CloudEvents Specification for Interoperability

CloudEvents is a standard format for events across systems. Whether you use Kafka, RabbitMQ, or AWS EventBridge, CloudEvents keeps you portable:

// CloudEvents standard structure
interface CloudEvent {
  // Required
  specversion: '1.0'
  type: string // e.g., 'com.example.orders.created'
  source: string // e.g., '/orders-service'
  id: string // Unique event ID
  time: string // ISO 8601 timestamp

  // Optional but recommended
  datacontenttype: 'application/json'
  subject?: string // e.g., 'orders/123'
  dataschema?: string // URL to event schema
  data?: Record<string, any>
}

// Implementation
import { v4 as uuidv4 } from 'uuid'

export class CloudEventFactory {
  static create<T = Record<string, any>>(
    type: string,
    source: string,
    data: T,
    subject?: string
  ): CloudEvent {
    return {
      specversion: '1.0',
      type,
      source,
      id: uuidv4(),
      time: new Date().toISOString(),
      datacontenttype: 'application/json',
      subject,
      dataschema: `https://api.example.com/schemas/${type}`,
      data
    }
  }
}

// Usage
const event = CloudEventFactory.create(
  'com.example.orders.created',
  '/orders-service',
  {
    orderId: '123',
    userId: 'user456',
    total: 99.99,
    items: [{ productId: 'p1', qty: 2 }]
  },
  'orders/123'
)

// Now this event can be published to any CloudEvents-compatible broker
// Consumers in any language can understand it

Event Schema Registry (Confluent, AWS Glue)

As events evolve, you need schema versioning.

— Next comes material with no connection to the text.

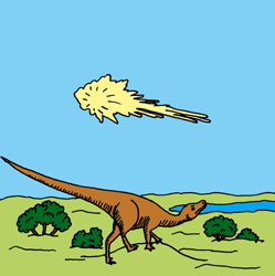 Die Asteroidenhypothese (auch: Meteoritenhypothese) ist eine von mehreren Ideen, die versuchen, das relativ plötzliche Aussterben der Dinosaurier zu erklären. Die Asteroidenhypothese meint: Vor 65 Millionen Jahren fiel ein Asteroid oder Meteorit auf die Erde und ließ das Klima auf der Erde so kalt werden, dass die Dinosaurier ausstarben. |

A schema registry prevents incompatible events from being published:

// Schema registry workflow:
// 1. Define schema in registry
// 2. Services check schema before publishing
// 3. Consumers know what to expect

// src/schemas/order-created.schema.json
{
  "$id": "https://api.example.com/schemas/orders/created.json",
  "$schema": "http://json-schema.org/draft-07/schema#",
  "title": "OrderCreated",
  "version": 1,
  "type": "object",
  "required": ["orderId", "userId", "total"],
  "properties": {
    "orderId": {
      "type": "string",
      "format": "uuid"
    },
    "userId": {
      "type": "string",
      "format": "uuid"
    },
    "total": {
      "type": "number",
      "minimum": 0
    },
    "items": {
      "type": "array",
      "items": {
        "type": "object",
        "required": ["productId", "quantity"],
        "properties": {
          "productId": { "type": "string" },
          "quantity": { "type": "integer", "minimum": 1 }
        }
      }
    },
    "createdAt": {
      "type": "string",
      "format": "date-time"
    }
  }
}

// Schema registry client
import axios from 'axios'
import Ajv from 'ajv'

export class SchemaRegistry {
  private schemas: Map<string, any> = new Map()
  private ajv = new Ajv()

  async registerSchema(name: string, schema: any): Promise<number> {
    const response = await axios.post(
      `${process.env.SCHEMA_REGISTRY_URL}/subjects/${name}/versions`,
      { schema: JSON.stringify(schema) }
    )
    return response.data.id
  }

  async getSchema(name: string): Promise<any> {
    if (this.schemas.has(name)) {
      return this.schemas.get(name)
    }

    const response = await axios.get(
      `${process.env.SCHEMA_REGISTRY_URL}/subjects/${name}/versions/latest`
    )
    this.schemas.set(name, response.data.schema)
    return response.data.schema
  }

  async validateEvent(schemaName: string, event: any): Promise<boolean> {
    const schema = await this.getSchema(schemaName)
    const validate = this.ajv.compile(schema)
    return validate(event)
  }
}

// Usage in event publishing
export class OrderService {
  constructor(
    private eventBus: EventBus,
    private schemaRegistry: SchemaRegistry
  ) {}

  async createOrder(request: CreateOrderRequest): Promise<Order> {
    const order = new Order(request)
    await this.repository.save(order)

    const event = {
      orderId: order.id,
      userId: request.userId,
      total: order.total,
      items: order.items,
      createdAt: new Date().toISOString()
    }

    // Validate against schema before publishing
    const isValid = await this.schemaRegistry.validateEvent('OrderCreated', event)
    if (!isValid) {
      throw new Error('Event does not match schema')
    }

    await this.eventBus.publish('order.created', event)
    return order
  }
}

Domain Events vs Integration Events

Domain events model business occurrences. Integration events notify other services. They're different tools:

// Domain events: Occur within your aggregate, internal to service
export class Order {
  private domainEvents: DomainEvent[] = []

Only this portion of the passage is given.